• **YOUR OBJECTIVE**
Exact reproduction is required for the lines below starting at the line with "He did try to" and ending at the line with "This paper proposes", both included. No other lines, and no pictures.
>>
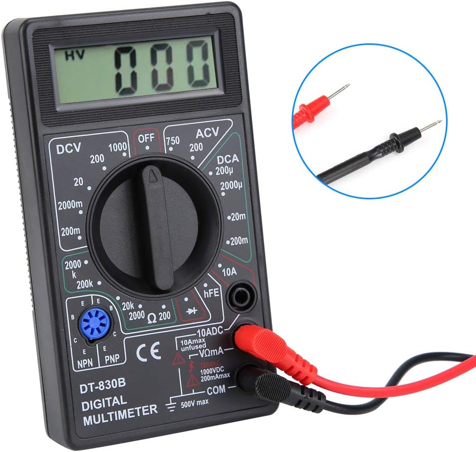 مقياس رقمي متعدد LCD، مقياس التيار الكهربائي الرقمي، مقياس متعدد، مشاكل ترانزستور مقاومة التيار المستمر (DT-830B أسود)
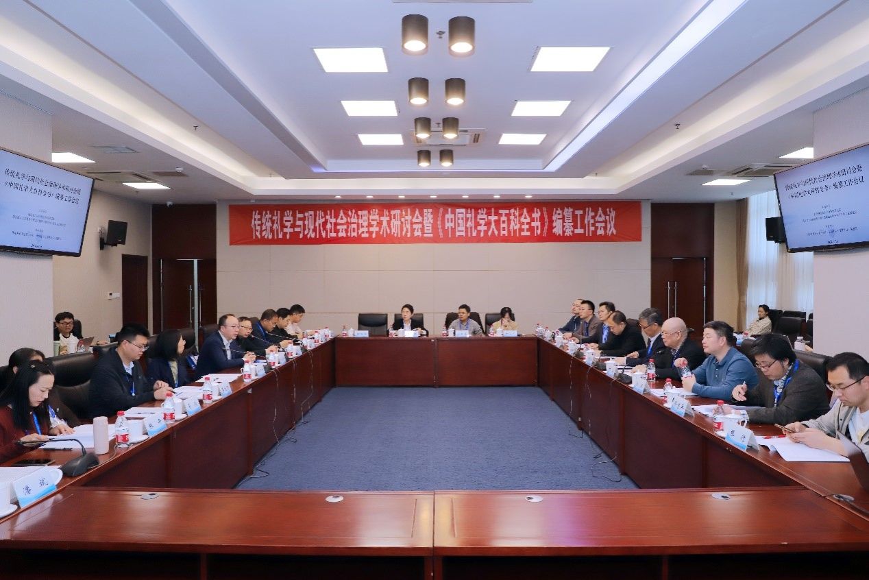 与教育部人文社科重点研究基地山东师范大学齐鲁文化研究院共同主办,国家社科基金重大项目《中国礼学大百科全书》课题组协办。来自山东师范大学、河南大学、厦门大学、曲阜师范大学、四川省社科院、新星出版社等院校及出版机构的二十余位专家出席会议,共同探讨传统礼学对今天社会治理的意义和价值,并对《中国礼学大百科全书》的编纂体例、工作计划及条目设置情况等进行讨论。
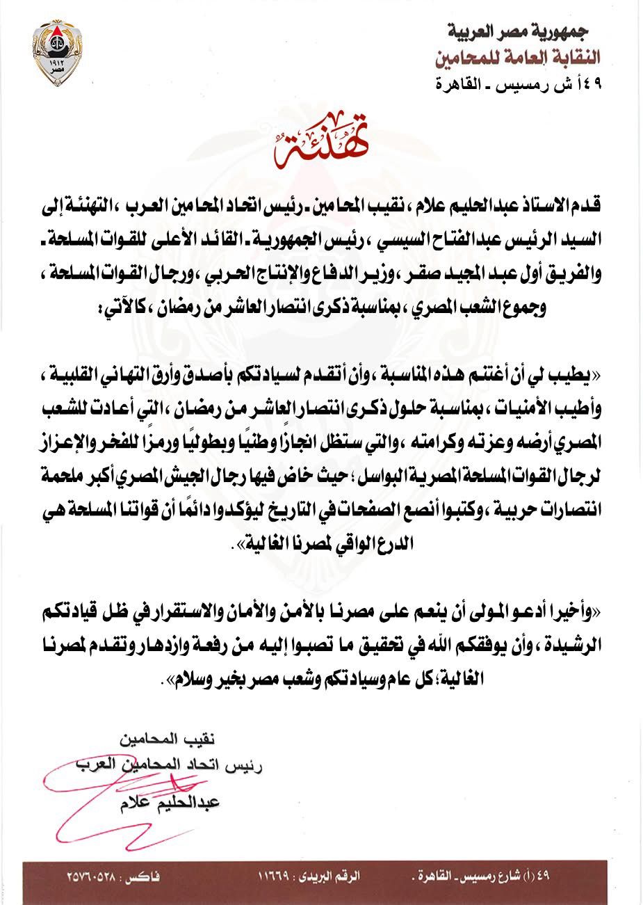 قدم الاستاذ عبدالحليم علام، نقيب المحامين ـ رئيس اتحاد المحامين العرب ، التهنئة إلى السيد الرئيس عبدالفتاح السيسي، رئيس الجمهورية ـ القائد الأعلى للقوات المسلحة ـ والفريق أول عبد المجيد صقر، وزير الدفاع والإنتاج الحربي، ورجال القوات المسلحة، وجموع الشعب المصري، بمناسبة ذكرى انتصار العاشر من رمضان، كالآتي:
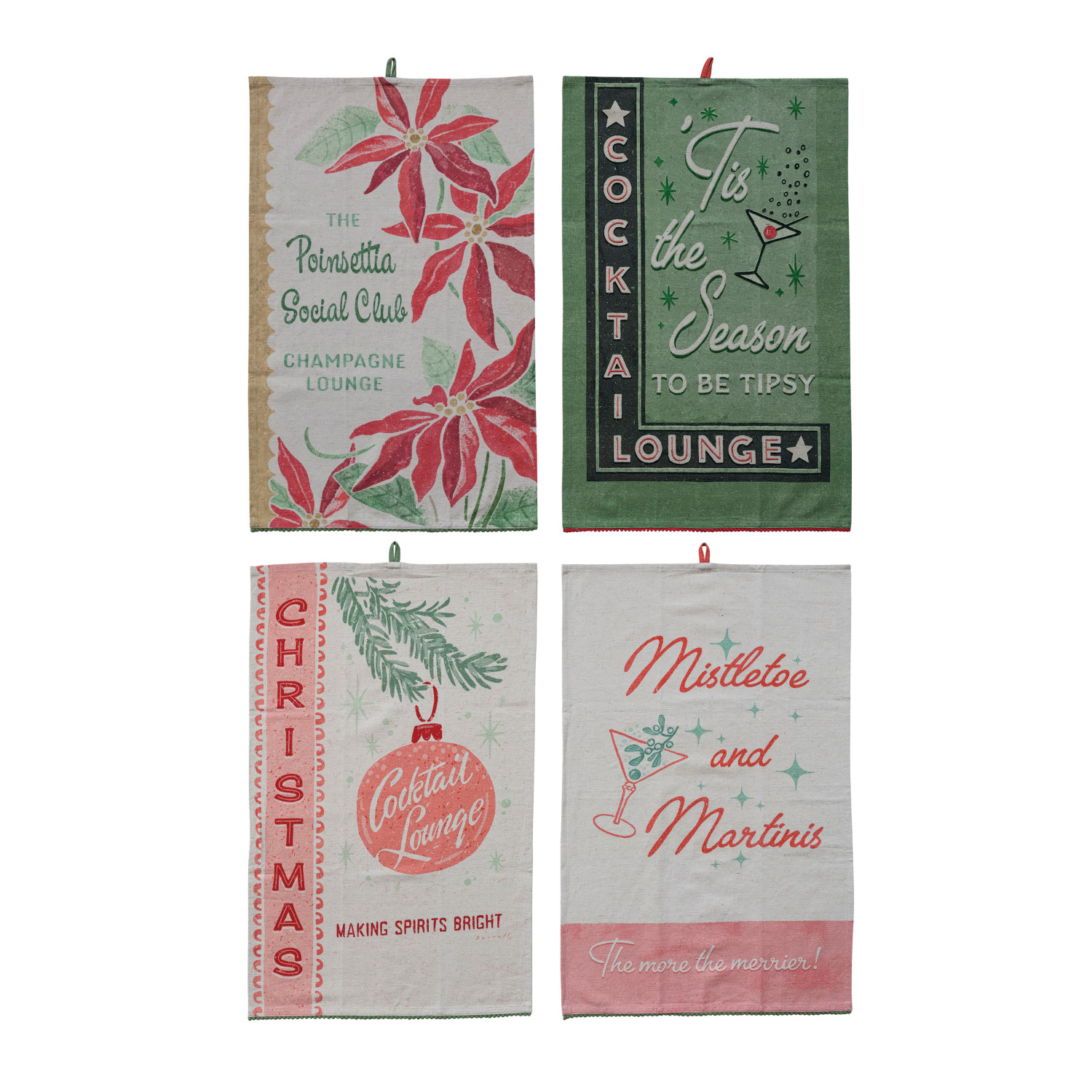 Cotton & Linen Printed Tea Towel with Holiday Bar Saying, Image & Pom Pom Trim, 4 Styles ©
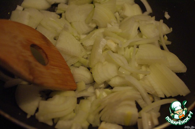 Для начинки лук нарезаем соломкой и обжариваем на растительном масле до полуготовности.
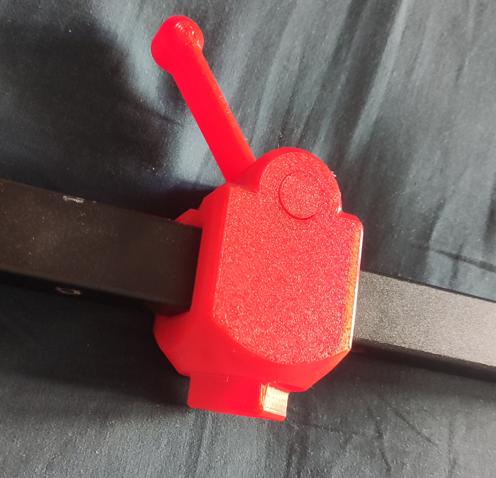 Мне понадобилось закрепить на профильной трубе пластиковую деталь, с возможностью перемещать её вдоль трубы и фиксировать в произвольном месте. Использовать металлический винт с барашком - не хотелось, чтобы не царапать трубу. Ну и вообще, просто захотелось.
<<
>>
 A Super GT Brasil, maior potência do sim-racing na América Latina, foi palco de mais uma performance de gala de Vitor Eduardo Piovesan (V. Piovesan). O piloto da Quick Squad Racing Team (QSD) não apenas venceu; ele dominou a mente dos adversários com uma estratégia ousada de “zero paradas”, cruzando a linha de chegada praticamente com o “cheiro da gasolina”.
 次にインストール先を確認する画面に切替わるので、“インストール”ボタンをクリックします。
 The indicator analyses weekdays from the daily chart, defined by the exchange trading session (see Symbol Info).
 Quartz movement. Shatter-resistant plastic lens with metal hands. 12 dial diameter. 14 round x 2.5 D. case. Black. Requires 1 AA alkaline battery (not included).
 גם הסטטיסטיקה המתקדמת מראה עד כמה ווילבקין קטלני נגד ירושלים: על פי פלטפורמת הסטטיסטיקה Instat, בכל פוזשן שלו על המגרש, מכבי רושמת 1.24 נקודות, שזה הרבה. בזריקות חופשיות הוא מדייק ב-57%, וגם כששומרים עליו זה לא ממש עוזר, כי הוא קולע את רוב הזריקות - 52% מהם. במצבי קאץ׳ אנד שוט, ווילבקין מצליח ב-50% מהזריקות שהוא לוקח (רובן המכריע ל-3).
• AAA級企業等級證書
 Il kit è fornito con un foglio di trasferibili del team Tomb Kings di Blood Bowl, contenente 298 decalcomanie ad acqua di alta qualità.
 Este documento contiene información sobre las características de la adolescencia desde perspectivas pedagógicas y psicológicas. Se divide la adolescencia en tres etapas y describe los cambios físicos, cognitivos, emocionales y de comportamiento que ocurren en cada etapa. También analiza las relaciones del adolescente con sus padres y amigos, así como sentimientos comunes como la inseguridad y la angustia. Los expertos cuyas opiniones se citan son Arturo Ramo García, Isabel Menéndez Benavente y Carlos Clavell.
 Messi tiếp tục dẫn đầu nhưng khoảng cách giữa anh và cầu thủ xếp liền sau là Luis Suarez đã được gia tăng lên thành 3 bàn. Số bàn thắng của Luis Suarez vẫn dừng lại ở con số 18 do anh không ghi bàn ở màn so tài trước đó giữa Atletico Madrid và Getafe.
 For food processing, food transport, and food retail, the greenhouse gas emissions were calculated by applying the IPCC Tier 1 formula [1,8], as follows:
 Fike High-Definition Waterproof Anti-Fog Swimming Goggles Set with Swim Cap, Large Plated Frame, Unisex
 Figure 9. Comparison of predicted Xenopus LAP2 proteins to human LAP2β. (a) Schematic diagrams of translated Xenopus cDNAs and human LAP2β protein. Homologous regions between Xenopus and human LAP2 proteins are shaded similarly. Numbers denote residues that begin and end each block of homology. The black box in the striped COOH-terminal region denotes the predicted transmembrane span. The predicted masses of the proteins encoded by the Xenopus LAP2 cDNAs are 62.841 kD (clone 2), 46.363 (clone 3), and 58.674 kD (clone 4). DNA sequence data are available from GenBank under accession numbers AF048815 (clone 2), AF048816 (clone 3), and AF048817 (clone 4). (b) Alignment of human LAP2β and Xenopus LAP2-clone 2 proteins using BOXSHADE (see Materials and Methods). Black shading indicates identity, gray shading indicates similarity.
<<
>>
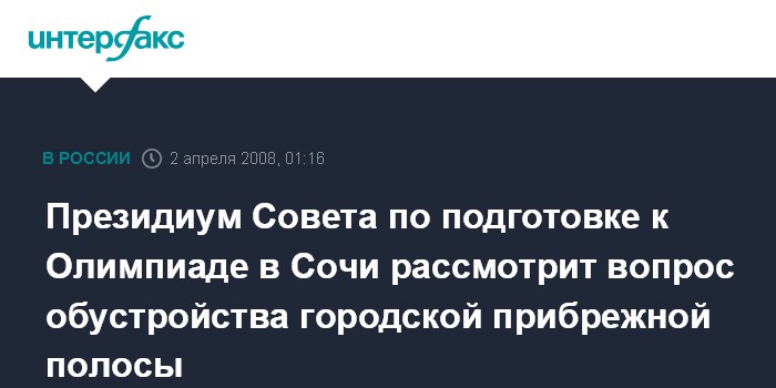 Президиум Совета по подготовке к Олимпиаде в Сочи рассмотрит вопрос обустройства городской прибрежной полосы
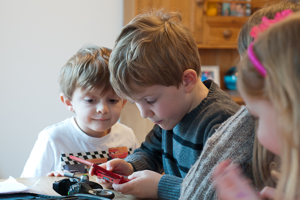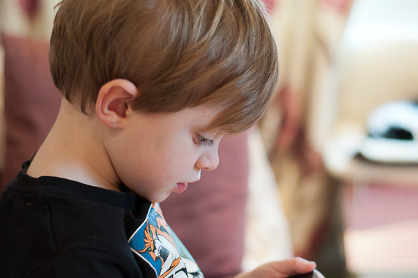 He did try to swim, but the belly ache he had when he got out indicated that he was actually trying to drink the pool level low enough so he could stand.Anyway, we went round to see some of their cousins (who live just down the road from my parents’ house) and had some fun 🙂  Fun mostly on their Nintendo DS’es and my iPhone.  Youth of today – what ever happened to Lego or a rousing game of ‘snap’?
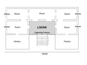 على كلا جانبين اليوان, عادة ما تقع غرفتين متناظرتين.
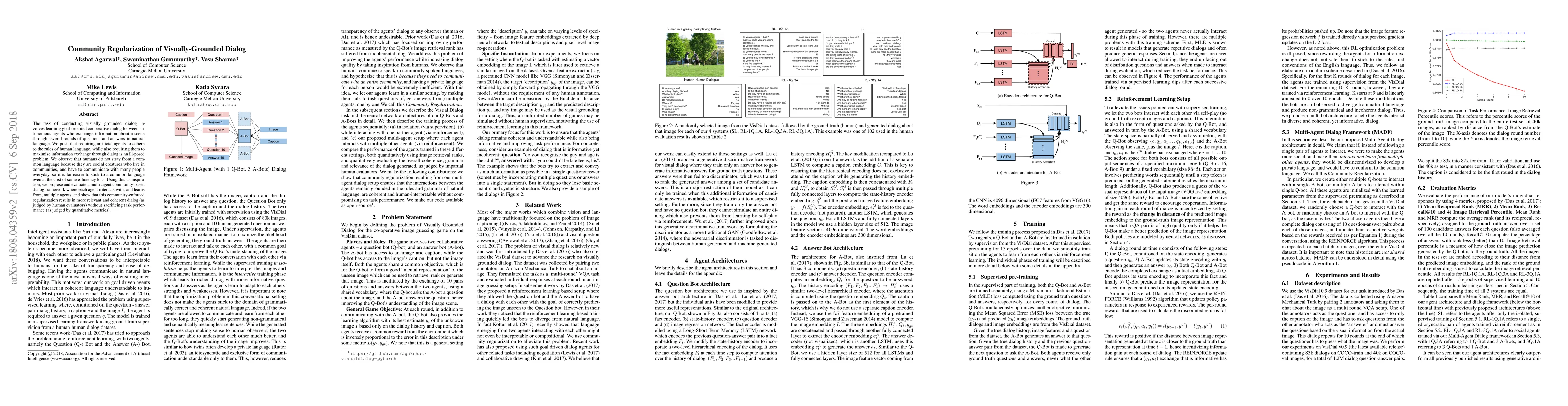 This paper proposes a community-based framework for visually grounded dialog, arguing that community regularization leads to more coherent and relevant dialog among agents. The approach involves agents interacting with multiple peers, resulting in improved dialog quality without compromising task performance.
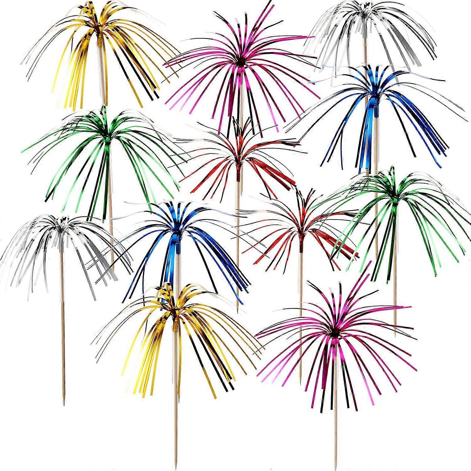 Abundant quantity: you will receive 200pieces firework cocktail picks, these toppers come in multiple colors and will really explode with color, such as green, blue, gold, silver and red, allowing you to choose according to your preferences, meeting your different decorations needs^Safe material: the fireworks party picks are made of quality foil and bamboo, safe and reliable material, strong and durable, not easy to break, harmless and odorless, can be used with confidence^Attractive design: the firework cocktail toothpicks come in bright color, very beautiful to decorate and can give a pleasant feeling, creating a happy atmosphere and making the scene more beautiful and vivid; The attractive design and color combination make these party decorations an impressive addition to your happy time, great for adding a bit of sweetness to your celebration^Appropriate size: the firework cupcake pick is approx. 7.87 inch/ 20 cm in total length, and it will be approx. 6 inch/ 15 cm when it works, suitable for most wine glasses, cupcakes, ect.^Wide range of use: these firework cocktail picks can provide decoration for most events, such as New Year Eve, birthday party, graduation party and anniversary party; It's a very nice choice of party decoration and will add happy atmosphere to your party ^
<<
• **OUTPUT**
 He did try to swim, but the belly ache he had when he got out indicated that he was actually trying to drink the pool level low enough so he could stand.Anyway, we went round to see some of their cousins (who live just down the road from my parents’ house) and had some fun 🙂  Fun mostly on their Nintendo DS’es and my iPhone.  Youth of today – what ever happened to Lego or a rousing game of ‘snap’?
 على كلا جانبين اليوان, عادة ما تقع غرفتين متناظرتين.
 This paper proposes a community-based framework for visually grounded dialog, arguing that community regularization leads to more coherent and relevant dialog among agents. The approach involves agents interacting with multiple peers, resulting in improved dialog quality without compromising task performance.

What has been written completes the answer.